Cnidarians and the evolution of bilaterality

The sea anemone Nematostella vectensis is a very interesting species. Its life cycle consists
of female adults that spawn egg packages of several hundred eggs into the water, which are
then fertilized by the sperm given into the water by male animals. The eggs develop into
cysts which can last quite a long time. When the cyst develops, for example when a scientist
forces it to, a gastrula forms after 24 hours. After three days, a planual larvae has developed,
which again quickly develops into a primary polyp. This is finished after 7 days.
It only takes a few months for the animal to become sexually mature.
What is even more interesting, though, is the fact that these animals show a bilateral axis
already while in the planula larvae stadium!
This is quite unusual. Normally, the key bilaterian traits are the bilaterality (naturally), a
mesoderm, and a central nervous system. Up until now, the cnidaria, as diploblasts, were
not counted among the bilaterians.

Now, how does the oral-aboral axis of the cnidarians relate to the anterior-posterior and the
dorsal-ventral axis of bilateria?
In 1939, Sven Hörstadius published an experiment he did with the embryos of sea urchins.

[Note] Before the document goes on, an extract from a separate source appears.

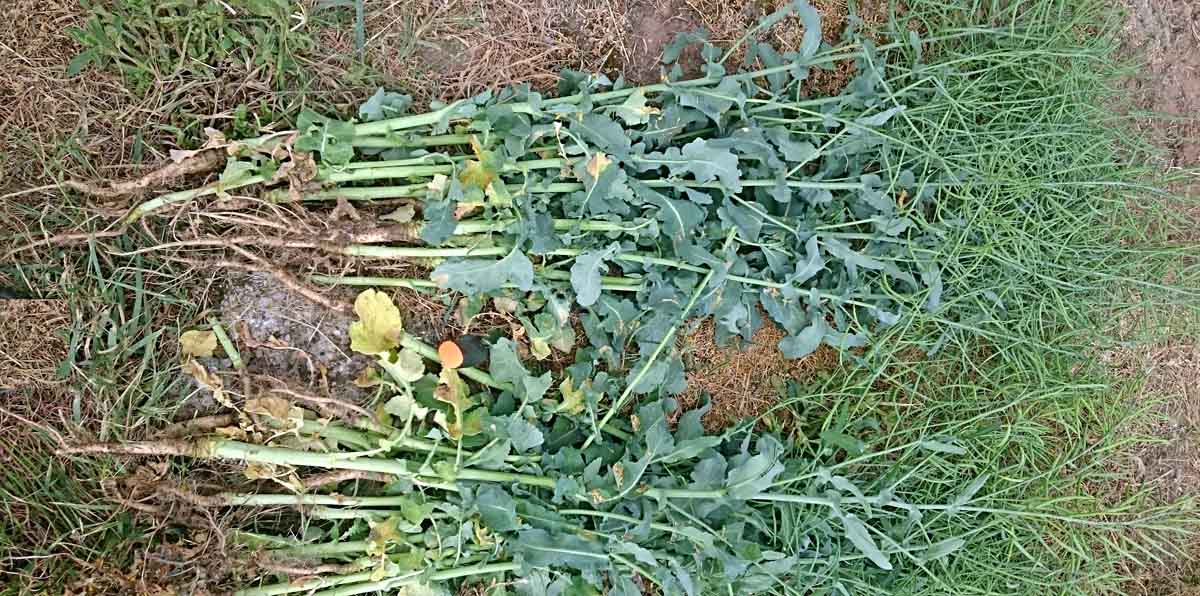 Zničené koreňové kŕčky a korene repky na konci vegetačnej doby 2. júla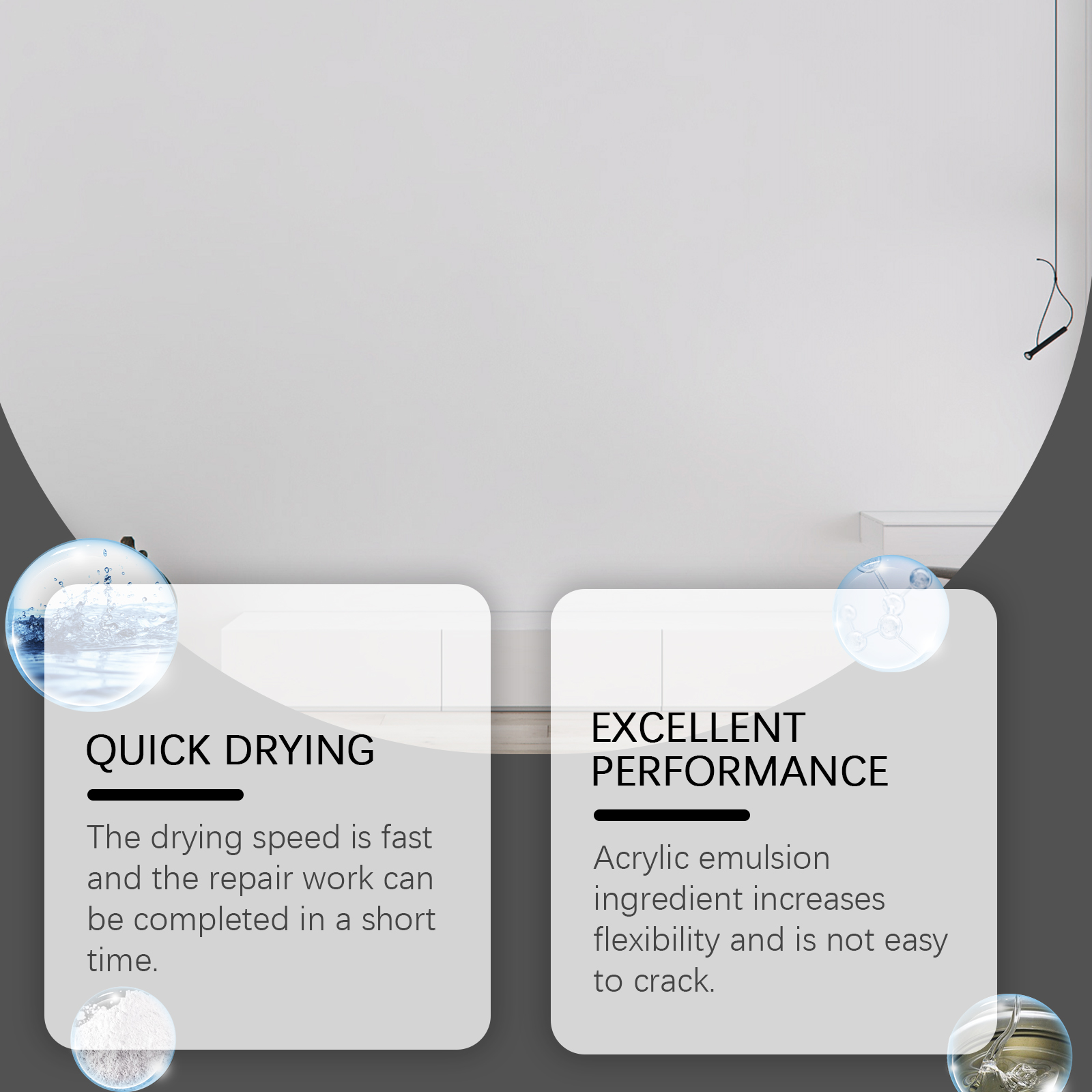 我们的墙面修补膏,由环氧树脂、羟乙基纤维素、碳酸钙精心调配而成。专为有效修复墙体裂缝设计。使用方法极为便捷:清洁需要修复的区域。安装尖端盖子,并将修复膏涂抹在需要修复的区域。用刮刀平整表面。完全固化后用砂纸打磨光滑。并且干燥速度快,修复工作可在短时间内完成。

He cut the embryos in the 8-cell-stadium in half - some along the animal-vegetal axis and
some perpendicular to it. The embryos which had two animal cells and two vegetal cells
each developed normally, albeit half as big as usual. The ones that has no vegetal cells left,
just the four animal cells, did not develop properly. The ones with only vegetal cells
developed normally.
He concluded that only the vegetal half of the embryo has the capabilities to form a whole
organism.
When Prof. Technau and his group did this experiment with Nematosella embryos, they
found that the exact opposite was true. Only the animal half of the embryo had the
capabilities to form a whole polyp.
So, while in amphibians, transplantation of the dorsal vegetal cells (Nieuwkoop center) or of
the Spemann organizer cells induces the formation of twin body axes, meaning that localised
determinants determine the lateral axis, in Nematostella, only the blastopore lip can induce
the ectopic axes.
Even more exactly, a specific part at the bend of the blastopore lip has axis-inducing
capacity. The highest activity of the determinants is in the second "slice", where the lip is
thickest.
What are the molecular workings behind this?
In frogs, injecting Wnt enzymes had same effect as the transplantation. APC -/- mosaic
CRISPR mutants show various degrees of ectopic head formation. APC stops the Wnt-Chain.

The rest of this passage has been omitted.